Minggu, 10 Februari 2013

Pengurus Baru Panser Biru Segera Dilantik



SEMARANG, suaramerdeka.com - Setelah sebulan mencari orang-orang yang kapabel, kepengurusan Panser Biru periode 2012-2014 akhirnya terbentuk. Mereka akan memperkenalkan diri kepada khalayak umum pada pelantikan di Komplek Gor Trilomba Juang, Mugas, Sabtu (3/11) pukul 19.00.
Agar meriah, berbagai acara telah disusun. Salah satunya rencana arak-arakan melewati sejumlah jalan di Semarang, sebelum pelantikan. Dari Gor Trilomba Juang, mereka akana menuju ke Tugumuda, kemudian ke Simpanglima, Jalan Pahlawan, Jalan Veteran dan kembali ke Gor Trilomba Juang.
Tujuan dari arak-arakan itu sendiri untuk mengenalkan kepengurusan baru Panser Biru kepada masyarakat. Agar tidak mengganggu pengguna jalan yang lain, mereka akan tertib berlalu lintas. Tak lupa, pengurus mengimbau agar anggotanya menggunakan peralatan keselamatan seperti helm.
"Segalanya sudah dipersiapkan untuk acara pelantikan itu. Kepengurusan yang baru sudah siap menyongsong hari esok yang lebih baik. Kami berharap, Panser Biru akan lebih solid, lebih kreatif dan lebih dewasa," kata ketua terpilih Mario Baskoro.
Mario dan tim formatur telah memilih 40 untuk membantu kepengurusan. Hampir 80 persen adalah orang-orang baru. Menghindari timpang tindih tugas dan tanggung jawab, kali ini jabatan ketua harian dihilangkan. Melainkan langsung pada sekum dan wakil sekum.

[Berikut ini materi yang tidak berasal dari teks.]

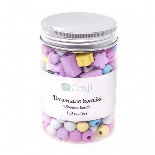 Drewniane koraliki w słoiku mix pastel 150 szt.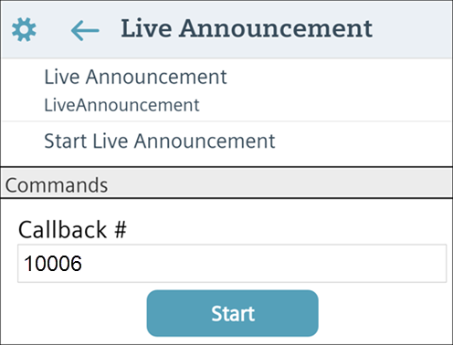 To send the live announcement, depending on the configuration of the live announcement template, enter the callback number in the Callback # field, do the following: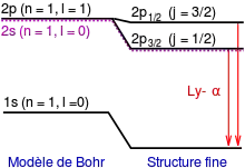 Les corrections à l'interaction coulombienne entre l'électron et le proton d'un atome d'hydrogène dues au mouvement relativiste et au couplage spin-orbite entraînent la brisure de la dégénérescence des niveaux d'énergie des valeurs différentes du nombre quantique pour la même valeur du nombre quantique . En conséquence une raie spectrale est séparée en plusieurs raies voisines dites sa structure fine.
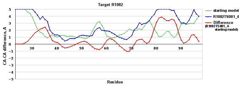 | Red line = (blue line) - (green thick line): difference between the corresponding Refined Model-Target and Starting Model-Target CA-CA distances (see above). Negative values show regions where the reifned model has better fit to the target than the starting model, i.e. areas of potential improvement. |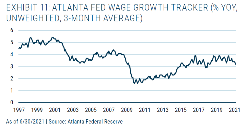 图表 11:亚特兰大联储工资增长追踪器(同比百分比,未加权,3 个月平均值),截至 2021 年 6 月 30 日 | 资料来源:亚特兰大联储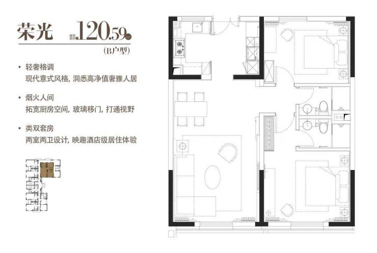 B|荣光|建面约120.59㎡户型图如下:
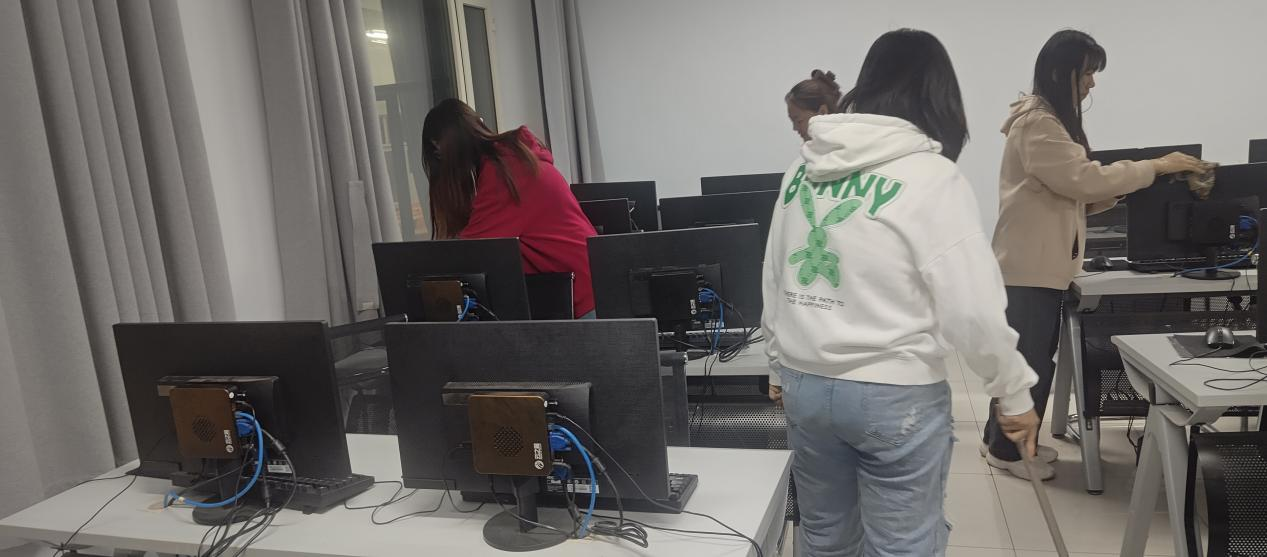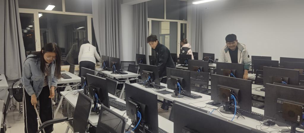 劳动内容:组织学生打扫实验楼3楼西过街楼机房并进行设备调试。

Beberapa nama yang masuk adalah Dodik Prayogi sebagai sekum dan Dhanang Kurniawan untuk wakilnya. Di posisi bendahara ditempati Roni Setiawan, sedangkan nama dan jabatan yang tak berubah selama bertahun-tahun adalah di posisi dirigen, yakni Edi Purnomo atau akrab disapa Kirun.
Namun demikian, ada perasaan mengganjal yang masih dirasakan Mario. Usai terpilih, dia menyatakan akan merangkul calon ketua lain yakni Agus Triyanto. Namun, seiring berjalannya waktu, keinginan itu tak menjadi kenyataan. Karena berbagai sebab, Agus memilih tidak masuk kepengurusan, tetapi tetap akan setia kepada Panser Biru.
"Kami sudah berusaha menyatukan semuanya. Semoga hal ini tak menjadi masalah berarti. Ke depan kami akan setia mendukung PSIS. Kami juga berharap, PSIS dapat segera terbentuk untuk mengikuti kompetisi. Entah itu di PT Liga Indonesia (PTlI) ataupun di PT Liga Prima Indonesia Sportindo (PT LPIS)," tandas Mario.